Just sayin…
Has been happening for more than a month now, up to 2 months when I first noticed this.
Am running
Chrome web browser Version 54.0.2840.71 m
At first, I just didn’t post the reply to that thread, then thought of my workaround…
Copy the quoted text, then close the reply
Open a general “Reply to Thread” (without the quotes)
Paste the quote into the new reply and continue.
This problem does not happen all the time, and so far I can’t determine what makes some Forum threads different than others.
I don’t even think it is related to posts by particular Users so isn’t likely related to whether the person is using NNTP or HTTP.
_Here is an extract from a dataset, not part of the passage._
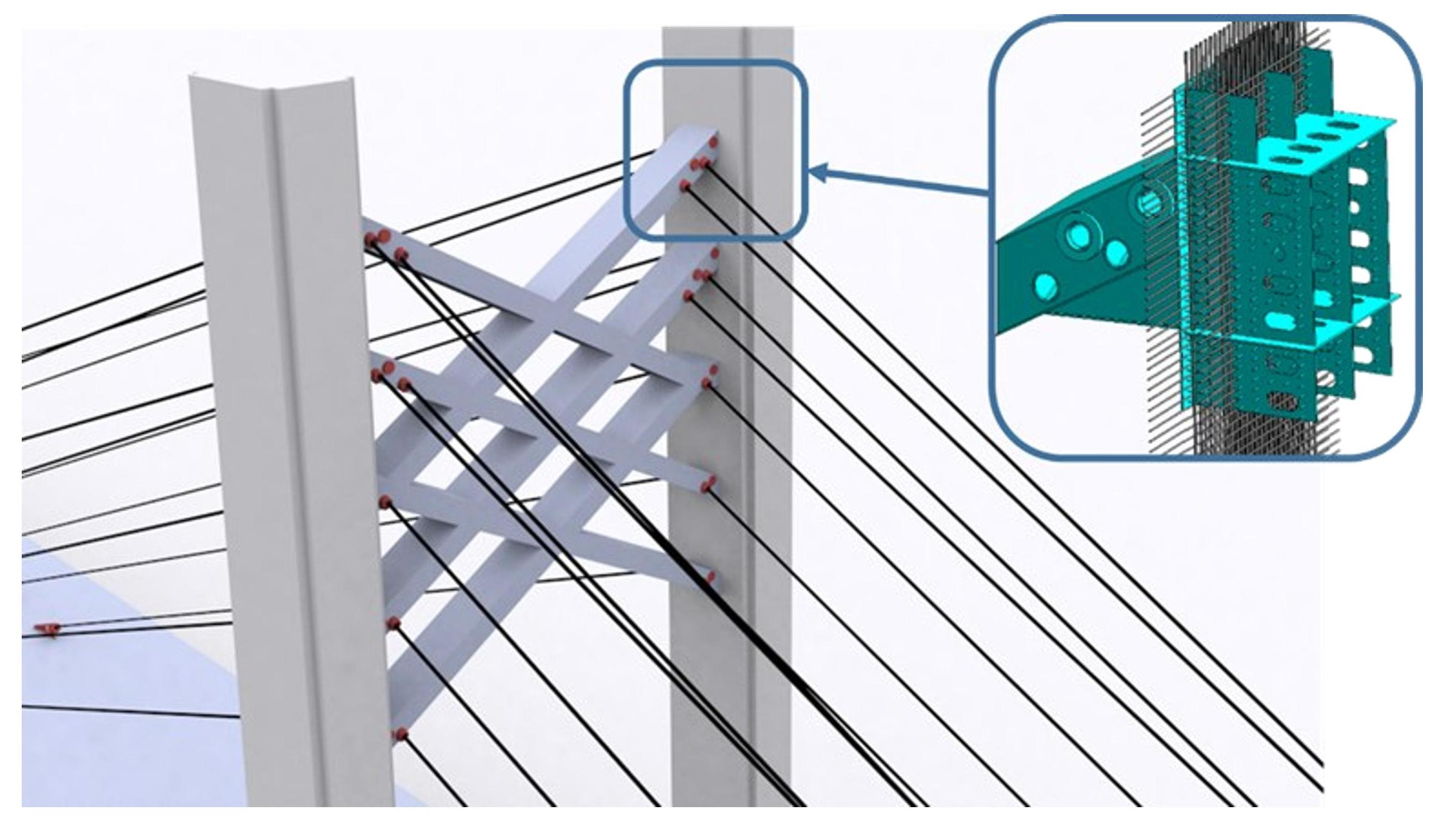 In this design scheme, the cables, towers, and beams are coplanar, as mentioned earlier, which does not impose additional forces on the structure, making it the best option in terms of load-bearing performance. However, considering the construction process, the middle and upper tower columns can be poured only after the main beams are installed, resulting in a longer construction period. Both the Nanchang Hongdu Bridge and the Fuzhou Luozhou Bridge adopted this scheme.

So, sorry to not provide enough info to troubleshoot, but it is a persistent while randomly erratic problem… other than that whenever it occurs, it’s definitely related to including a quote from the previous post and then it affects the input text box. If someone wants, maybe the next time it occurs I can post the source of the web page.
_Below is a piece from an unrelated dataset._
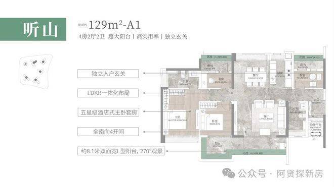户型设计极具竞争力,建面 108-165㎡3+1 至 4+1 房,得房率接近 100%,3.1 米层高搭配全景落地窗,采光通风极佳。其中 108㎡3+1 房四开间朝南,近 6 米南向阳台 + 5.9 米 LDKB 方厅;165㎡4+1 房双主套设计,17.4 米南向面宽 + 9 米 L 型景观阳台,三面望山景,空间尺度媲美豪宅。社区配套完善,打造全明精装地库、负一层社交入户大堂及首层 7 米挑高精装大堂,风雨连廊串联归家空间;外揽山体公园、天河儿童公园等五大公园,人均公共绿地 13.4㎡,三面环山(大灵山、长岗山、横山),负氧离子充沛,生态宜居属性拉满。

>Hi all, the latest update to Chrome (11/6) corrects this issue. I
>have updated three computers and tested it and it seems to be 100%
>fixed. I am using 64-bit Chrome. Version 54.0.2840.87 m
That’s one problem we have with our particular forum. We have ONLY the
reply with quote option, we turned off the regular reply option a long
time ago because of a problem that has since been fixed. I lobbied a
while back to get the regular reply turned back on, but it was voted
down. You may want to consider it again.
Verified. It happens to me too in Chrome. Two options: Use another
browser or talk the forum admins into allowing a standard reply in
addition to “Reply with Quote” which is an option, but just isn’t
turned on for these forums.
I hope whoever in a position to make decisions agrees with my general opinion (entirely without specific foundation looking at the vBulletin website architecture and code) that the problem almost absolutely is not with Chrome but with the library code (or actual code) relating to the textbox object. This is not usual or typical, because textboxes have been around for a very long time and the code methods for handling text input are well known(Typically, the content should be interpreted strictly as a text string to prevent any kind of code injection, optionally relying on specific allowed strings to permit HTML tags. In any case, I do not know of any type of attack that utilizes white space as an attack vector).
A general Google search returns a hit that vBulletin released a patch a couple months ago (Aug 2016) which may or may not be related but would be suspicious in its timing.
And repeating,
This typically is not something an End User like openSUSE/SUSE webmasters should have to deal with…
This is more typically part of the core of the underlying technology, in this case vBulletin.